A line from John Hudak’s book Marijuana: A Short History
is worth thinking about if we are someone who frequently thinks about public policy. Hudak writes, “The black market just has to deliver marijuana; the legal market must meet consumer demand.”
Hudak’s line comes from an early paragraph in his book where he discusses historical trends in the strength of marijuana overtime. Marijuana strength is often measured by the amount of THC in the final product to be consumed. Dr. Mahmoud ElSohly, a researcher with the University of Mississippi, has been analyzing the THC content in seized marijuana since the 1970’s and has found that THC content has increased overtime from about 3% to 7-8%. However, marijuana that can now be purchased in dispensaries in states that have legalized marijuana often has a much higher THC content, closer to 20% or more.
My interest is not so much in the marijuana itself, although the plant and product is interesting (Note: I have asthma and can’t smoke and I have never tried any edible forms of marijuana). What is really interesting is the degree to which the black market under-served those who wanted to purchase marijuana from 1970 to today. Marijuana that could be purchased from a drug dealer or a friend was not as potent as people would have liked. If people were intent to buy marijuana, their only option was a product that we would consider inferior to the options available in states that have legalized marijuana today, a product that many likely wouldn’t chose if they’d been able to chose an alternative product.
The point I want to highlight is not that people were purchasing weak marijuana from the 1970’s until 2019 when Hudak’s book was published. Instead, the point I am trying to make is that the black market delivers sub-par products to people who use them. In the case I am writing about, illegal supplies of marijuana were simply less potent, not something that non-marijuana users are likely to care much about. However, if we think about other black markets, we should be more concerned about the products that people purchase illegally. Other black market products, that people cannot obtain legally and that cannot be regulated by a true market mechanism, likely come with more dangers than just being weak. Other illicit drugs can be even more dangerous and harmful when purchased on the black market. Health products, purchased on the black market where they might be cheaper than licensed and regulated products obtained legally, could also pose serious risks of harm.
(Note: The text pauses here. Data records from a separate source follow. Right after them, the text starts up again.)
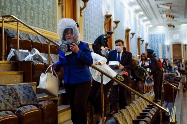 Le pistole puntate dentro l'aula, l'invasione di corridoi e uffici, i parlamentari con le maschere antigas e l'assalto all'ufficio di Nancy Pelosi: le immagini più significative di una delle notti più difficili per la democrazia americana
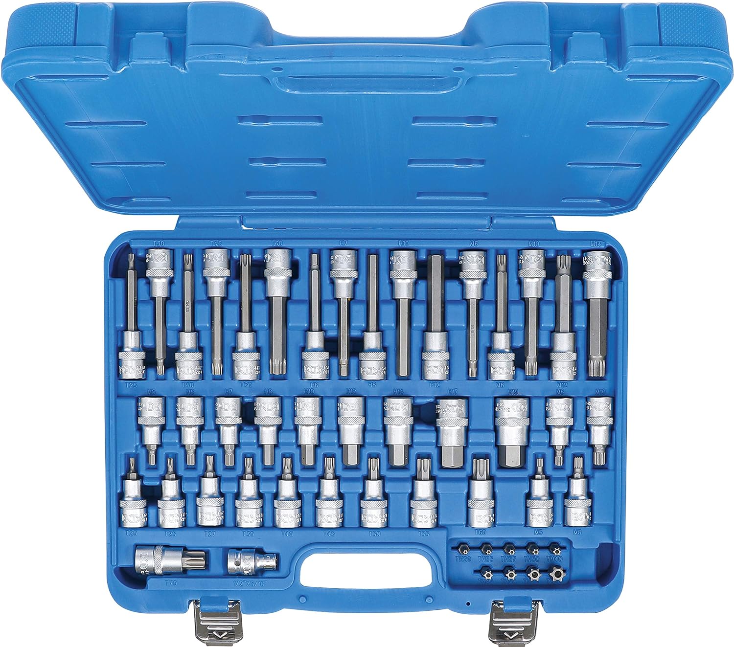 - 10 Bit-Einsätze, Länge 55 mm, Antrieb Innenvierkant 12,5 mm (1/2"), Abtrieb T-Profil (für Torx): T20 - T25 - T27 - T30 - T40 - T45 - T50 - T55 - T60 - T70
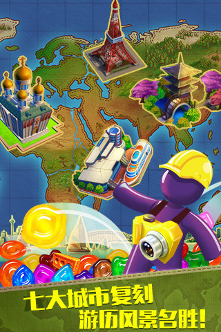 世界旅行《糖糖大世界》作为旅行三消类手游,复刻了世界各国诸多知名城市,如巴黎、伦敦、悉尼、纽约等。每个城市的名胜建筑全部真实还原,玩家可以通过三消关卡[5] 收集不同种类的资源,以资源重建地图上的风景名胜,感受大地图养成玩法。
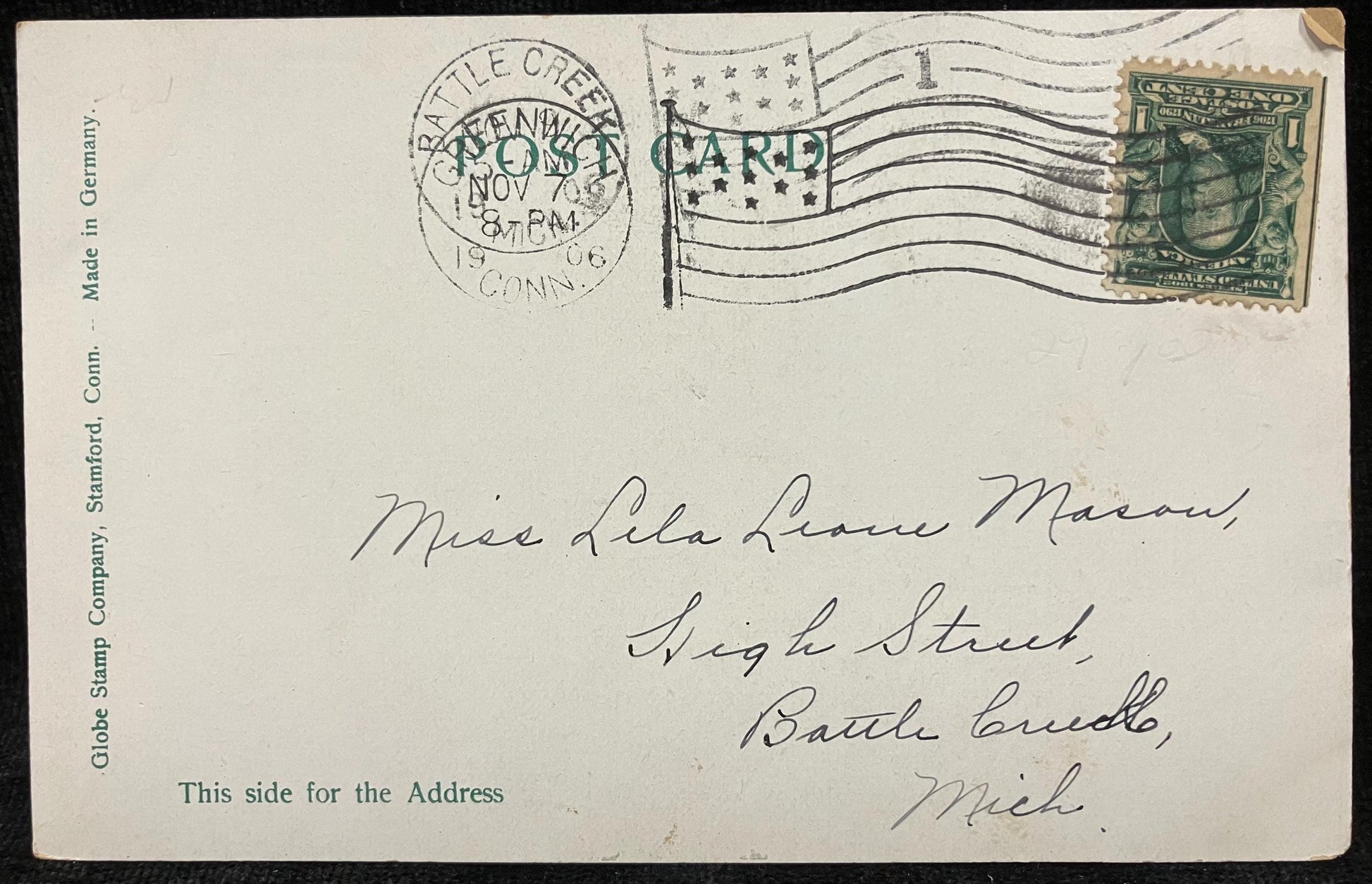 Mailed: Postmark Nov 7, 1906. Green one cent Benjamin Franklin stamp, placed upside down

This creates an argument for reasonably regulated markets, even of things we find deviant and would rather people be unable to purchase. We want some type of government oversight to ensure that products and services are safe, effective, and authentic, but we should be concerned about government regulation that drives a product or service into a black market. The market itself will find a way to deliver the service or product, but it may do so in a dangerous and illicit manner. Government and regulation can be forces for good and bad within this dynamic. What is important is that we think critically of how regulation relates to markets, and consider the impact on people’s lives, including the lives of those who will still pursue a product or service once it is forced to a black market.